From: Greg Kroah-Hartman <gregkh@linuxfoundation.org>
To: linux-kernel@vger.kernel.org
Cc: Greg Kroah-Hartman <gregkh@linuxfoundation.org>,
stable@vger.kernel.org, Gao feng <gaofeng@cn.fujitsu.com>,
YOSHIFUJI Hideaki <yoshfuji@linux-ipv6.org>,
Hannes Frederic Sowa <hannes@stressinduktion.org>,
"David S. Miller" <davem@davemloft.net>
Subject: [ 14/79] ipv6: ip6_append_data_mtu did not care about pmtudisc and frag_size
Date: Fri, 26 Jul 2013 13:47:04 -0700 [thread overview]
Message-ID: <20130726204723.425607856@linuxfoundation.org> (raw)
In-Reply-To: <20130726204721.849052763@linuxfoundation.org>
3.10-stable review patch.
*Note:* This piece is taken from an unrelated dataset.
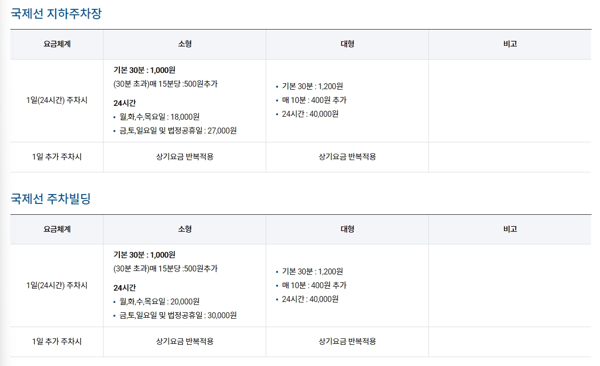 국제선 주차장 요금은 24시간 하루 주차할 경우 평일 18,000원이며 금요일부터 주말 및 법정 공휴일의 경우 27,000원입니다. 국제선의 경우 지하주차장과 주차빌딩으로 구분되어 있습니다.

If anyone has any objections, please let me know.
------------------
From: Hannes Frederic Sowa <hannes@stressinduktion.org>
[ Upstream commit 75a493e60ac4bbe2e977e7129d6d8cbb0dd236be ]
If the socket had an IPV6_MTU value set, ip6_append_data_mtu lost track
of this when appending the second frame on a corked socket. This results
in the following splat:
[37598.993962] ------------[ cut here ]------------
[37598.994008] kernel BUG at net/core/skbuff.c:2064!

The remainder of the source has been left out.